▶ Your objective
Nothing but the lines from the one containing "Department: Women Pattern: Solid" through the end of the data should be retyped, exactly as they stand, and pictures should not be retyped.

▶ Supplied material

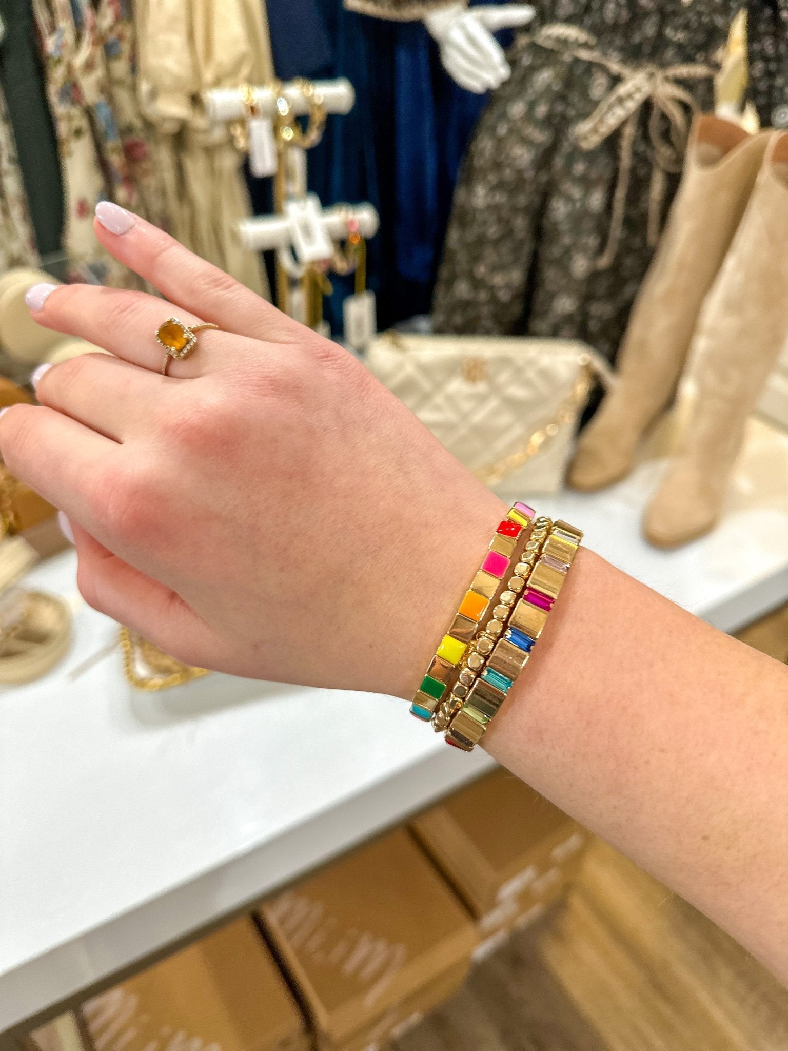 • Coordinating gold beaded stretch bracelet
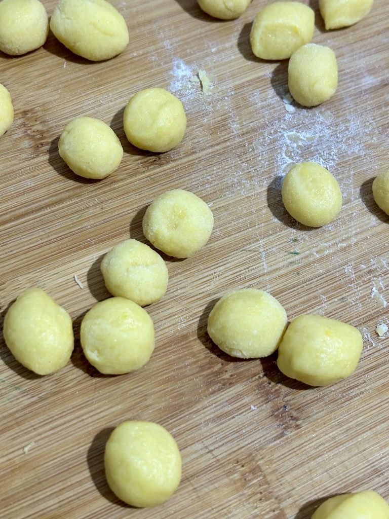 Elle doit être moelleuse comme une pâte sablée, lisse et non collante. N’ajoutez pas trop de farine : juste celle nécessaire pour ne pas qu’elle colle au plan.
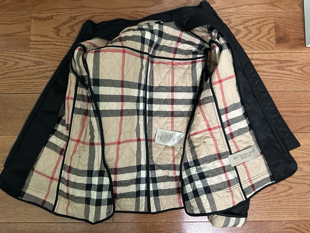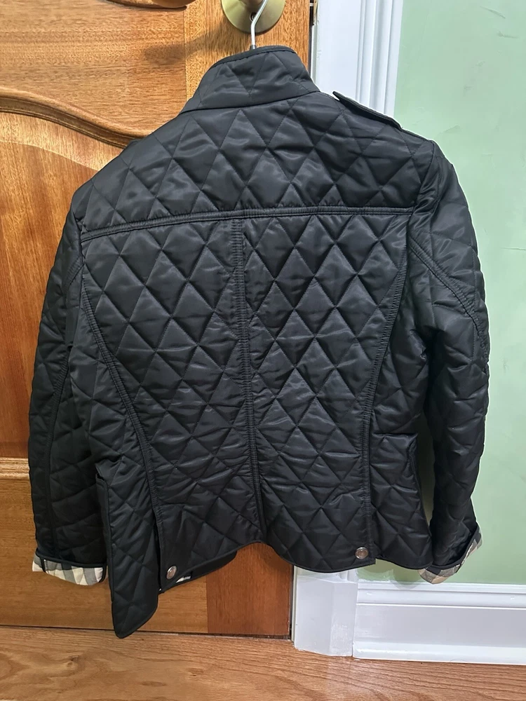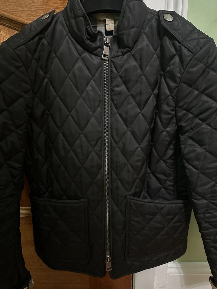 Department: Women Pattern: Solid Color: Black Season: Fall, Spring, Winter Size Type: Regular Closure: Snap Style: Quilted Occasion: Casual, Travel Size: S Sleeve Length: Long Sleeve Model: Burberry Brit Accents: Quilted Type: Jacket Outer Shell Material: Polyester Brand: Burberry Brit
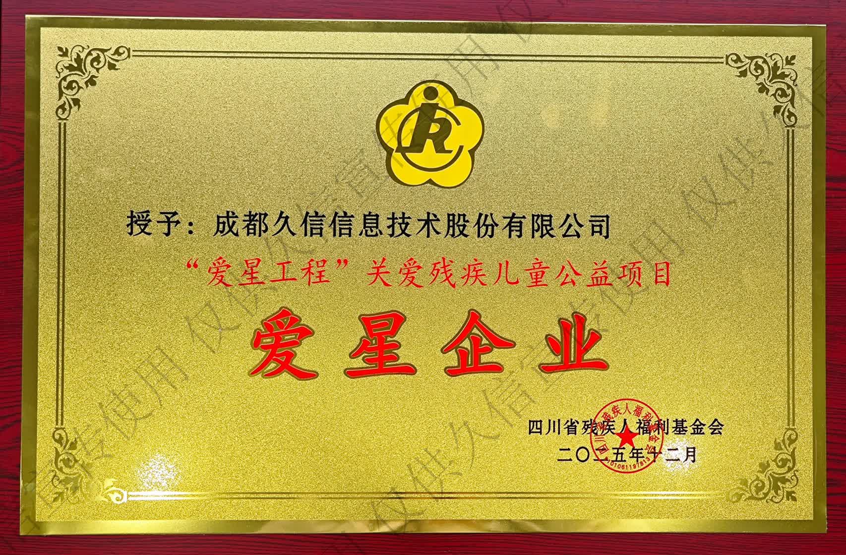 ——久信股份受邀参加四川省残疾人春节联欢晚会,现场获“爱星工程”公益授牌
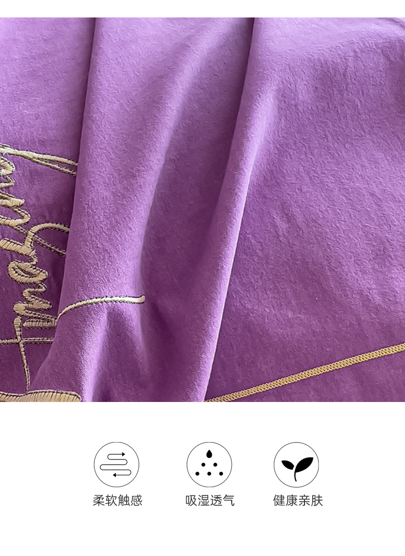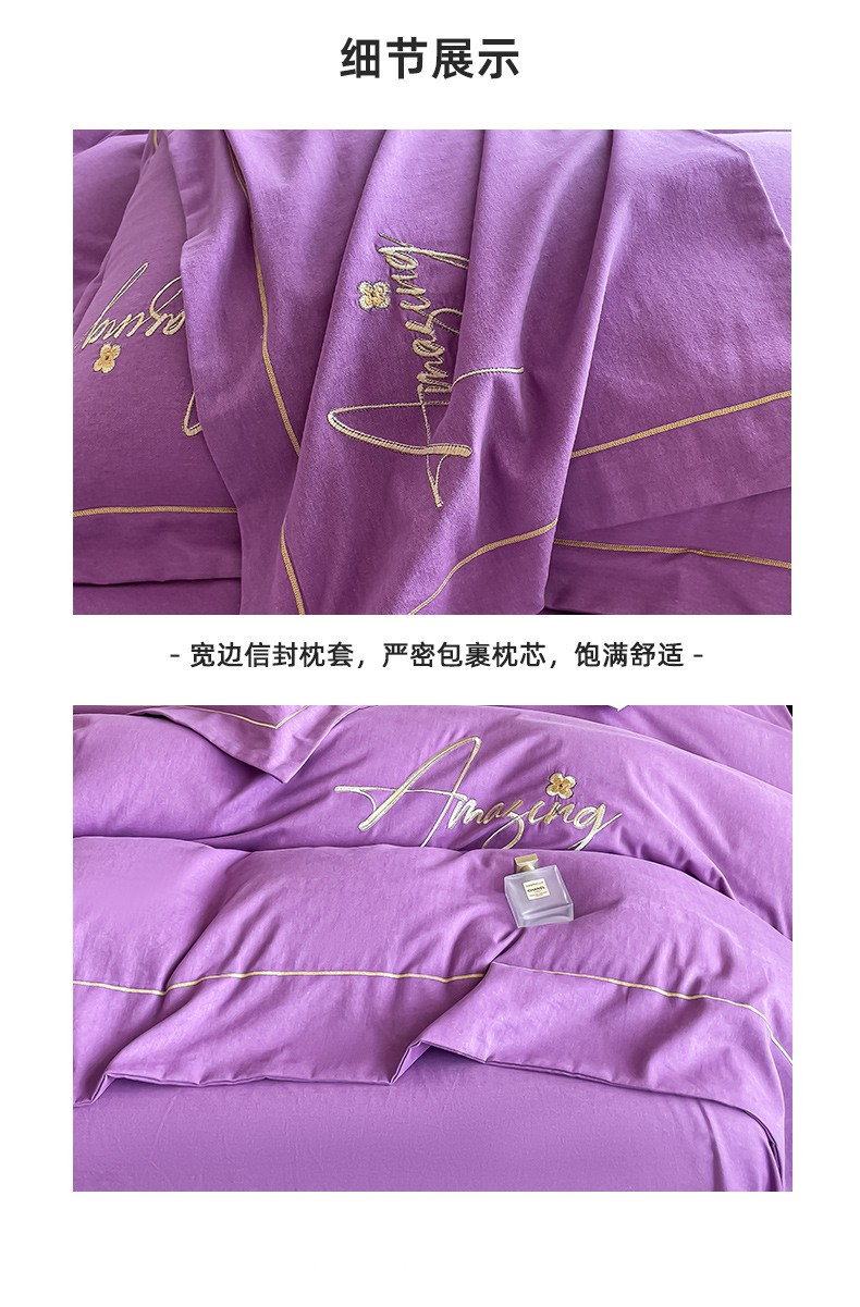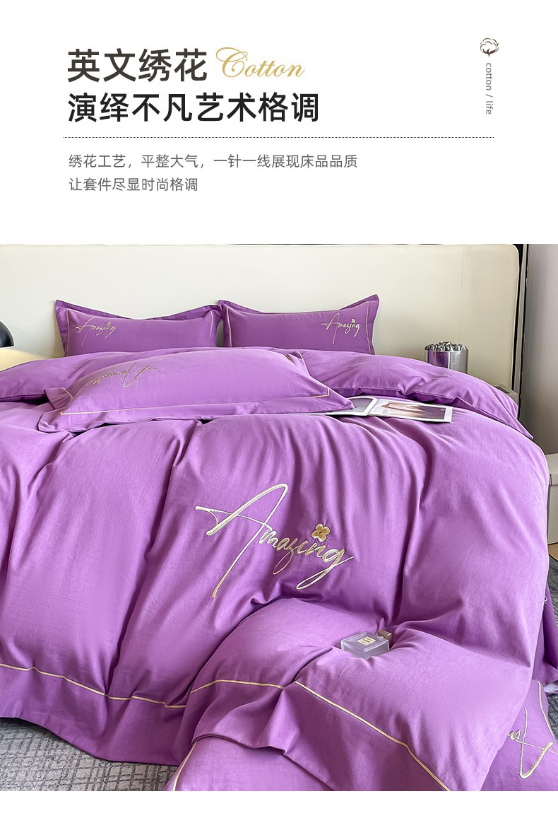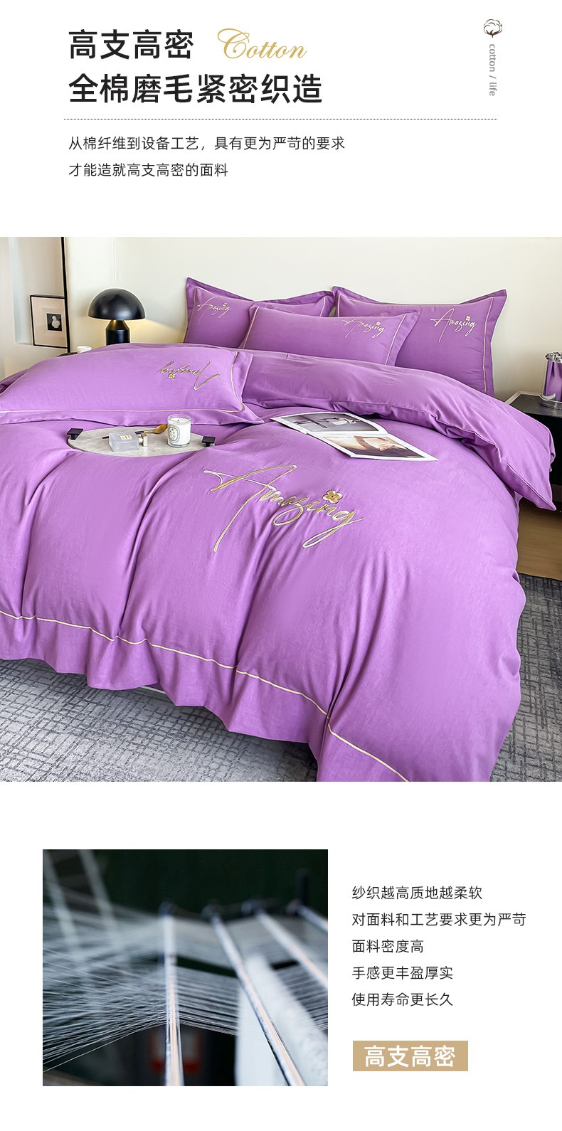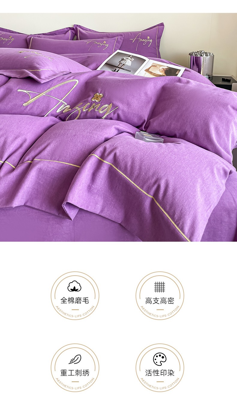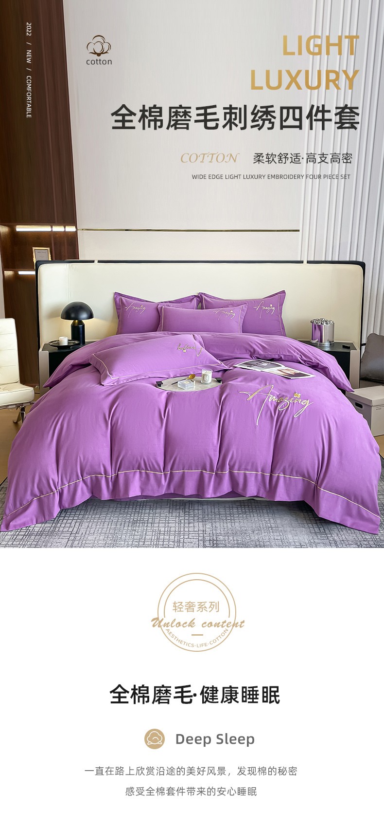 梧桐家居 2023新款全棉磨毛刺绣四件套 紫色

▶ Exercise result
 Department: Women Pattern: Solid Color: Black Season: Fall, Spring, Winter Size Type: Regular Closure: Snap Style: Quilted Occasion: Casual, Travel Size: S Sleeve Length: Long Sleeve Model: Burberry Brit Accents: Quilted Type: Jacket Outer Shell Material: Polyester Brand: Burberry Brit
 ——久信股份受邀参加四川省残疾人春节联欢晚会,现场获“爱星工程”公益授牌
 梧桐家居 2023新款全棉磨毛刺绣四件套 紫色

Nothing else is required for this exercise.